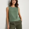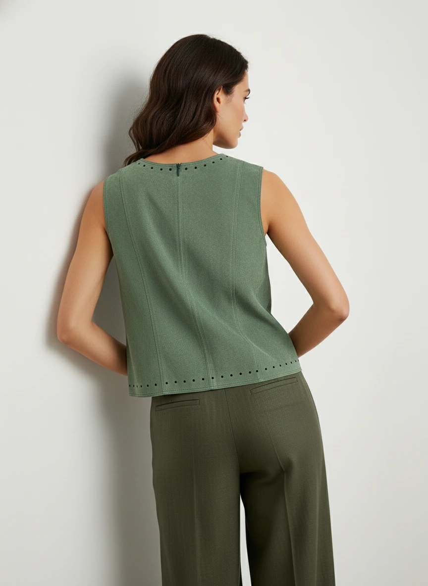 Blusa sleeveless en verde salvia con elegantes detalles perforados en cuello y bajo. Diseño minimalista perfecto para looks casual y profesionales.
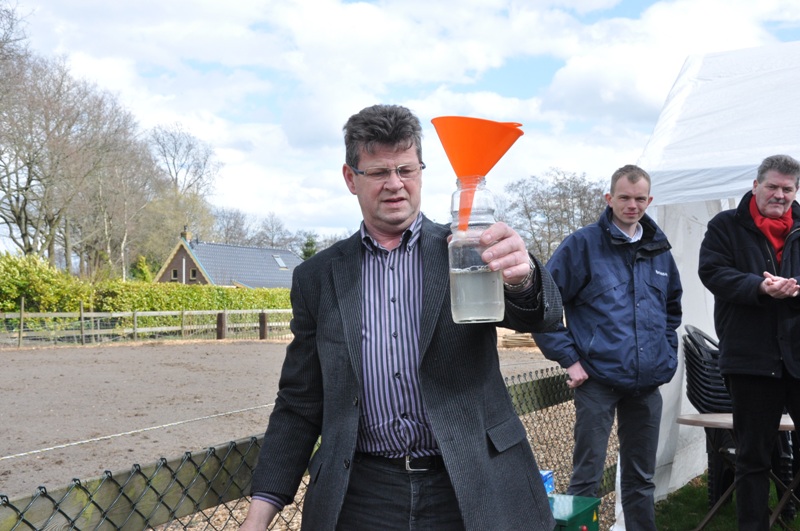 Woensdag heeft Pieter van der Veen, wethouder Reiniging en riolering van de gemeente Achtkarspelen, het aanleggen van de IBA-systemen in het buitengebied officieel afgesloten In mei 2009 ging de eerste IBA de grond in. Nu, nog geen jaar later staat de teller op 354. Pieter van der Veen heeft symbolisch een monster genomen van het gezuiverde afvalwater aan Egypte 15 in Twijzel.
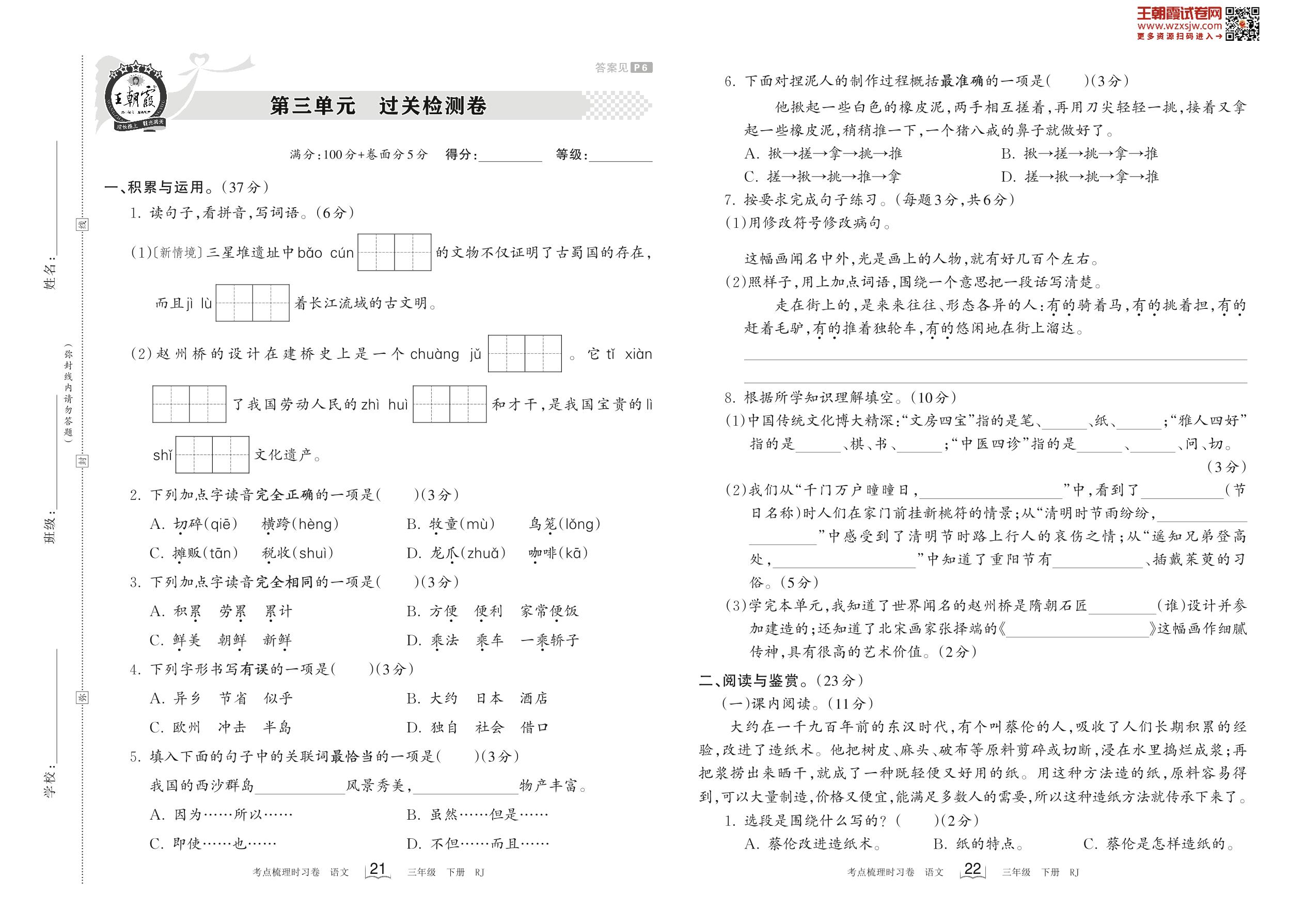 三年级语文人教版下册单元卷

■ **What is expected**: Could you copy the listing above exactly, without its pictures?

■ **Task response**:
 Blusa sleeveless en verde salvia con elegantes detalles perforados en cuello y bajo. Diseño minimalista perfecto para looks casual y profesionales.
 Woensdag heeft Pieter van der Veen, wethouder Reiniging en riolering van de gemeente Achtkarspelen, het aanleggen van de IBA-systemen in het buitengebied officieel afgesloten In mei 2009 ging de eerste IBA de grond in. Nu, nog geen jaar later staat de teller op 354. Pieter van der Veen heeft symbolisch een monster genomen van het gezuiverde afvalwater aan Egypte 15 in Twijzel.
 三年级语文人教版下册单元卷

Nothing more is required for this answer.